The Obama administration is taking $1.2 billion in high-speed rail money away from Ohio and Wisconsin and awarding it to other states, Transportation Secretary Ray LaHood said Thursday.
Both Ohio and Wisconsin have elected incoming Republican governors who oppose the rail projects. So LaHood said he is awarding their money to rail projects in states that are eager to have it.
High-speed trains will not only improve transportation but reinvigorate manufacturing and put people back to work in jobs that pay well, LaHood predicted in a statement.
States gaining the most money include California, $624 million; Florida, $342 million; Washington, $161 million; and Illinois, $42 million. Other states receiving lesser amounts include New York, Maine, Massachusetts, Oregon, North Carolina, Iowa and Indiana.
A commuter rail line in Wisconsin between Milwaukee and Chicago will still get about $2 million.
In Ohio, Gov.-elect John Kasich had declared dead a project that would have created passenger train service between Cincinnati, Columbus and Cleveland. He had requested LaHood allow him to use the $400 million in federal funds on other transportation projects like road construction or freight lines.
The law that authorized funding for high-speed rail projects stipulated that the funds can't be used for other purposes, however.
Kasich has said that the top speed of 79 miles per hour on the proposed Ohio project is too slow and he has questioned whether enough people will ride it.
Wisconsin Gov.-elect Scott Walker campaigned against a Madison-to-Milwaukee rail line, which would have received $810 million. Walker, who created a website opposed to the project, has called it a waste of taxpayer money. He wrote to President Barack Obama asking for permission to spend the money on roads and bridges.
Outgoing Wisconsin Gov. Jim Doyle, a Democrat, called the loss of the rail project "a tragic moment" for his state.

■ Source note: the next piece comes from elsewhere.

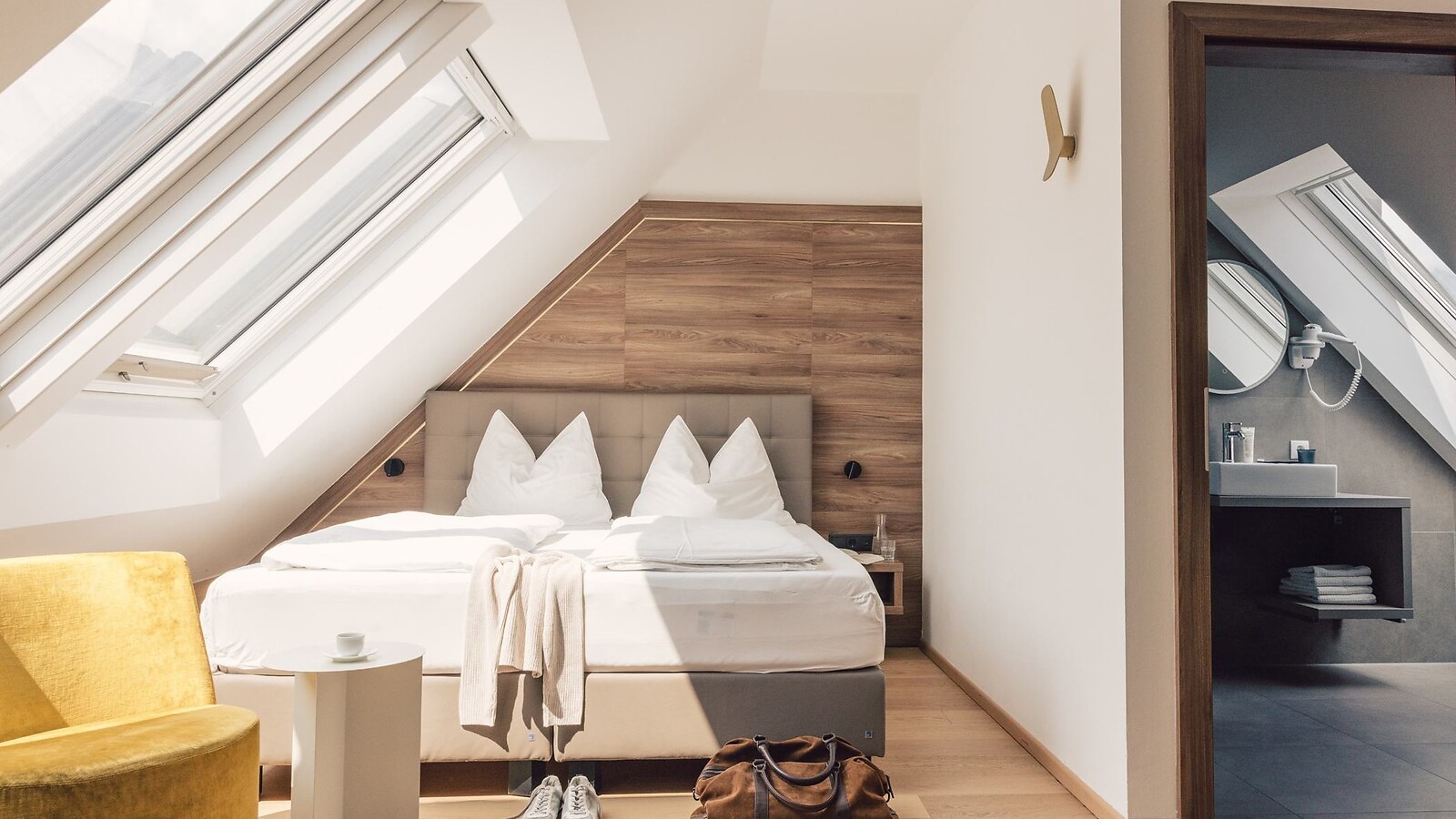 Ob alleine oder zu zweit, in unserem Panorama Apartment können Sie Ihren Aufenthalt in vollen Zügen genießen. Auf 30 qm finden Sie sowohl eine Kochnische, als auch ein gemütliches Doppelbett mit Dachfenster-Aussicht. Starten Sie mit Blick auf die Berge in den Tag!

Rep. Gwen Moore, D-Wis., accused Walker of killing jobs in his home state "a month before he's even been sworn into to office."
Without rail between Milwaukee and Madison, it will be difficult for Midwestern leaders to fulfill their vision of having 110-mph trains linking Chicago, Milwaukee, Madison and Minneapolis-St. Paul. The route was a key segment of the Midwest Regional Rail Initiative, an effort by officials in nine states to create a network of fast, frequent trains.
Political leaders in states likely to benefit from the cancellation of the Wisconsin and Ohio projects have been lobbying for a share of the $1.2 billion since Election Day.
Democratic Sen. Dianne Feinstein of California said, "No other state is as ready, as able, or as determined to develop a high-speed rail system in the near future."
California is working toward the construction of a high-speed rail system that would eventually extend some 800 miles, linking Sacramento and San Francisco to San Diego. The trains would travel at a speed of up to 220 miles an hour. In lobbying for federal funding, lawmakers from the state note that voters have already approved more than $9 billion in bonds to help finance the project. Construction is expected to begin in late 2012.